Empowering governments to take the lead
The SUN 3.0 strategy places an emphasis on country leadership and results, calling upon networks to align action behind national priorities. Allison considers that,
“The SUN 3.0 focus on greater country ownership and leadership is a major strength.”
UN Nutrition has a comparative advantage of working at the country level, in view of the UN’s longstanding relations with and access to government, including in fragile contexts. During the third phase of SUN, the UN agencies will continue to coordinate their work as a network and in support of government nutrition efforts, as part of the SUN multi-stakeholder platforms.
UN Nutrition is in the process of developing its country support strategy, integrating the REACH model. This will outline how the new entity helps countries increase alignment on nutrition within the UN System and advance progress towards the 2030 Agenda, given nutrition’s links to all of the Sustainable Development Goals (SDGs). UN Nutrition also sees this as a unique opportunity to increase its country outreach to both SUN and non-SUN countries.

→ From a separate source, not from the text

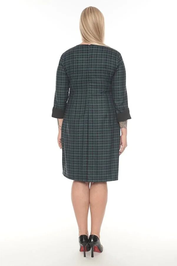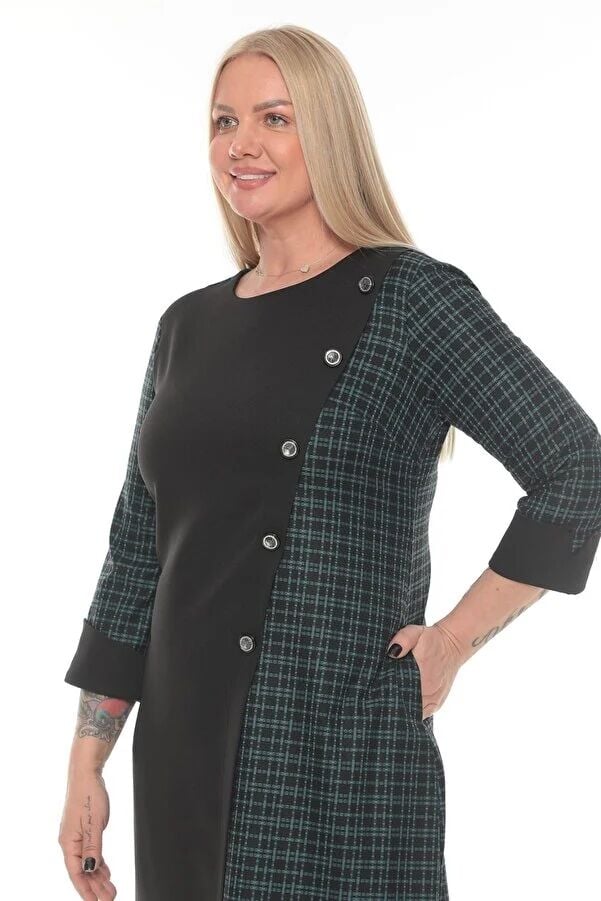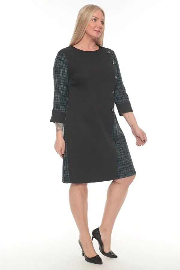 etselements X Modapo Kadın Iki Renkli Düğme Detaylı Büyük Beden Elbise ETS9852 50

Valerie Julliand, UN Resident Coordinator in Indonesia sees the new United Nations Sustainable Development Cooperation Framework (UNSDCF) as a blueprint for collaboration between the UN and government on priorities areas, with nutrition being one of them. United Nations Resident Coordinators (UNRCs) are well positioned to champion inter-agency collaboration on nutrition in SUN (and non-SUN) countries to have a greater impact.

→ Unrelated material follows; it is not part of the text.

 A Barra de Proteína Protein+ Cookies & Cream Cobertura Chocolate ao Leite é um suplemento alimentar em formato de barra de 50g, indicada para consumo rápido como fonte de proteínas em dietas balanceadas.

“As the UN, we have used the diversity and complementary of who we are to advance the different facets of the national nutrition agenda,”
she explained during a regional roundtable event, co-organized by the SUN Movement Secretariat (SMS) and the Global Nutrition Report (GNR) team. Valerie also reaffirmed that the UN community in-country will continue to advocate for nutrition and reach out to new members, cognizant that it is an essential building block for SDGs.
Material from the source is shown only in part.